Saturday, June 5, 2010

HAPPY BIRTHDAY TO ME!!!!!!

Pretty good way to start a blog right? That's right. June 6. I don't actually turn 14 until 12:44 AM, but its still the day of my birth. Hence the title birthday. Finally, my birthday is during the school year, and it's on a Sunday.
If you're reading this, congratulations. You have found what is officially the best blog on the web. If you are curious as to who the official is, that would be me. Even though I am officially nothing. I'm not even officially 14. But I AM officially awesome.

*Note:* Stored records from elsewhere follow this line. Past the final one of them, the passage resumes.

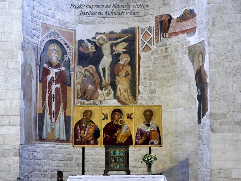Jsou ale i jiná místa v Apulii, která mají silnou duchovní přitažlivost pro přicházející poutníky, a k těmto patří i hlavní město zdejšího kraje Bari. V jeho katedrále zasvěcené svatému Mikuláši potkáte u světcova hrobu opravdu velké množství křesťanských poutníků, z nichž velká část patří k pravoslavné církvi. Svatý Mikuláš je hlavní světec ruského národa, po Panně Marii druhá nejuctívanější postava pravoslavných křesťanů, a proto pociťuje řada Rusů touhu vykonat pouť do Baziliky svatého Mikuláše, ležící v Apulii. I v době naší návštěvy se v kryptě baziliky konala pravoslavná mše za účasti mnoha poutníků ruské národnosti.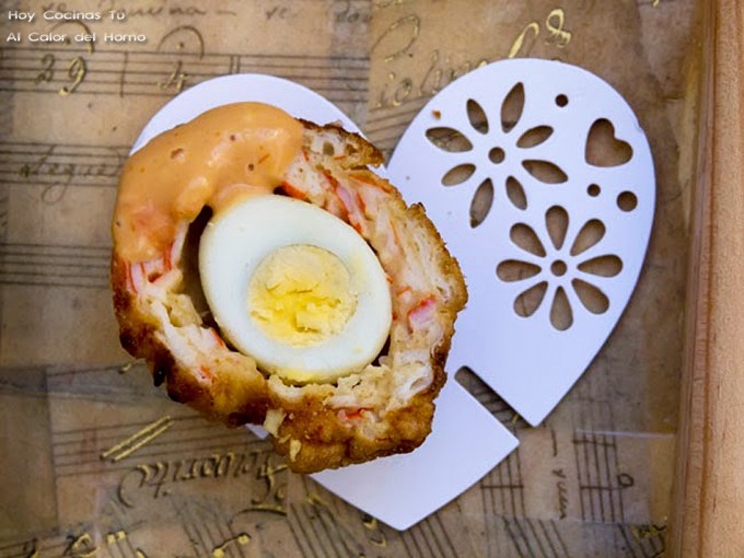 El huevo a la escocesa es una elaboración tradicional de Londres, no de Escocia como se podría pensar. Se trata de unos deliciosos huevos duros envueltos en carne y después rebozados, y normalmente se terminan en el horno. Pero los que veis en la foto son diferentes, es la versión que ha preparado Bego, autora del blog Al Calor del Horno, son los Huevos a la escocesa con cangrejo (surimi) que comparte en vuestra sección Hoy Cocinas Tú.
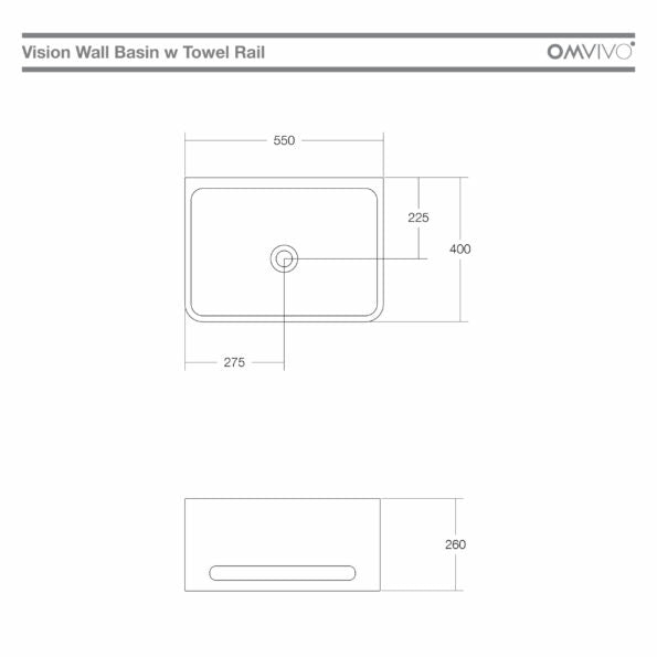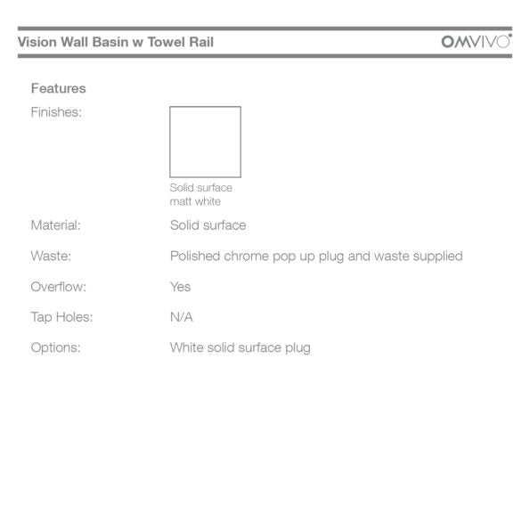 Vision basins are supplied with a chrome pop up waste and the wall mounted basins are provided with white powdercoated steel wall brackets. A White matching solid surface plug is also available.

The end of the year is almost here. Three days. Three. But I dread the next day. Monday morning is my Geometry Final Exam. I just spent an hour and a half at my best friend Richard's house (who already took the exam) studying my ass off and also eating enough junk to keep all the kids on Africa well fed for the next week. Between the two of us, we demolished a box of donuts, half a bag of Doritos, two ribs, and three quarters of a two liter bottle of Dr. Pepper. Actually, it was knock off Dr.Check from Winn-Dixie. But it's all the same. Geometry makes me hungry. And also depressed.
This entire year, my life has been picked up by a tornado, thrown around, then planted on an edemame farm in Japan. (That is where edemame is from, right?) I mean, I though 7th grade was bad. But eighth grade was just... woah. And I'll hold you on for a 20 dollar bet that high school will be worse.
I think that the only reason I'm currently alive is because of my friends. Sure, sometimes I want to strangle them, but they pulled me thorugh some tough times. I know you'll be reading this in about 10 minutes, Kiki, Alisa, and Jade (If you're actually reading the IM's I'm sending you), and I want to thank you and give you five bajillion hugs for staying up to be the first to wish me a happy birthday.
If you haven't hit eighth grade (or puberty) yet, consider yourself lucky. Not that it isn't fun. It is, except for all the homework (I go to a nerd school), it's just...frustrating...at times. Yeah, that's the word. Also, stressful. If you have, well, you know what I'm talking about. I can do with a break. Speaking of, I have three friends waiting to wish me a happy birthday in thirteen minutes.
Don't screw around with fire. It doesn't end well.